21. The audio processing apparatus according to claim 19, wherein the first synchronizing
module is specifically configured to:
send the first earphone sensor metadata;
receive the second earphone sensor metadata; and
determine the rendering metadata according to the first earphone sensor metadata,
the second earphone sensor metadata and a preset numerical algorithm, and
the second synchronizing module is specifically configured to:
send the second earphone sensor metadata;
receive the first earphone sensor metadata; and
determine the rendering metadata according to the first earphone sensor metadata,
the second earphone sensor metadata and a preset numerical algorithm, or
the first synchronizing module is specifically configured to:
send the first earphone sensor metadata; and
receive the rendering metadata, and
the second synchronizing module is specifically configured to:
send the second earphone sensor metadata; and
receive the rendering metadata.
22. The audio processing apparatus according to claim 19, wherein the first synchronizing
module is specifically configured to:
receive playing device sensor metadata;
determine the rendering metadata according to the first earphone sensor metadata,
the playing device sensor metadata and a preset numerical algorithm; and
send the rendering metadata.
23. The audio processing apparatus according to claim 19, wherein the first synchronizing
module is specifically configured to:
send the first earphone sensor metadata;
receive the second earphone sensor metadata;
receive the playing device sensor metadata; and
determine the rendering metadata according to the first earphone sensor metadata,
the second earphone sensor metadata, the playing device sensor metadata and a preset
numerical algorithm, and
the second synchronizing module is specifically configured to:
send the second earphone sensor metadata;
receive the first earphone sensor metadata;
receive the playing device sensor metadata; and
determine the rendering metadata according to the first earphone sensor metadata,
the second earphone sensor metadata, the playing device sensor metadata and a preset
numerical algorithm.
24. The audio processing apparatus according to any one of claims 14 to 23, wherein the
first to-be-presented audio signal comprises at least one of a channel-based audio
signal, an object-based audio signal, and a scene-based audio signal, and/or
the second to-be-presented audio signal comprises at least one of a channel-based
audio signal, an object-based audio signal, and a scene-based audio signal.

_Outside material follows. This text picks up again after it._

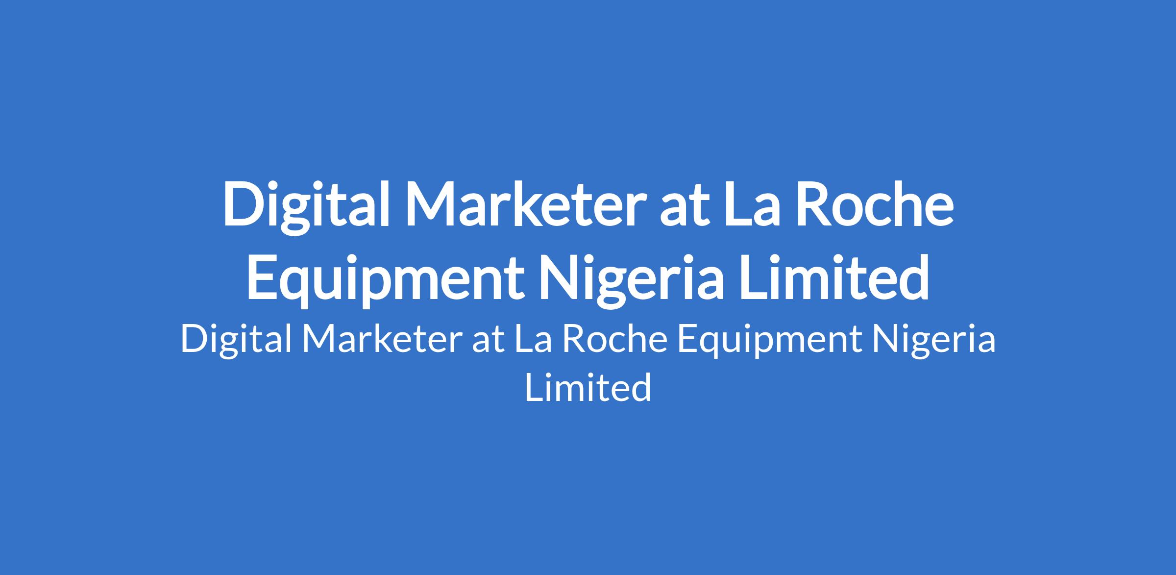 La Roche Equipment Nigeria Limited is recruiting to fill the position of: Digital Marketer. The position is located in Amuwo-Odofin, Lagos State. Interested candidates should possess a Bachelors Degree in Marketing, Communications, or a related field with a minimum of three (3) years of proven experience in digital marketing.

25. A wireless earphone, comprising: a first wireless earphone and a second wireless earphone;
the first wireless earphone comprises:
a first processor; and
a first memory, configured to store a computer program of the processor,
wherein the processor is configured to implement the steps of the first wireless earphone
in the audio processing method of any one of claims 1 to 13 by executing the computer
program, and
the second wireless earphone comprises:
a second processor; and
a second memory, configured to store a computer program of the processor,
wherein the processor is configured to implement the steps of the second wireless
earphone in the audio processing method of any one of claims 1 to 13 by executing
the computer program.
26. A computer-readable storage medium on which a computer program is stored, wherein
the computer program, when being executed by a processor, implements the audio processing
method according to any one of claims 1 to 13.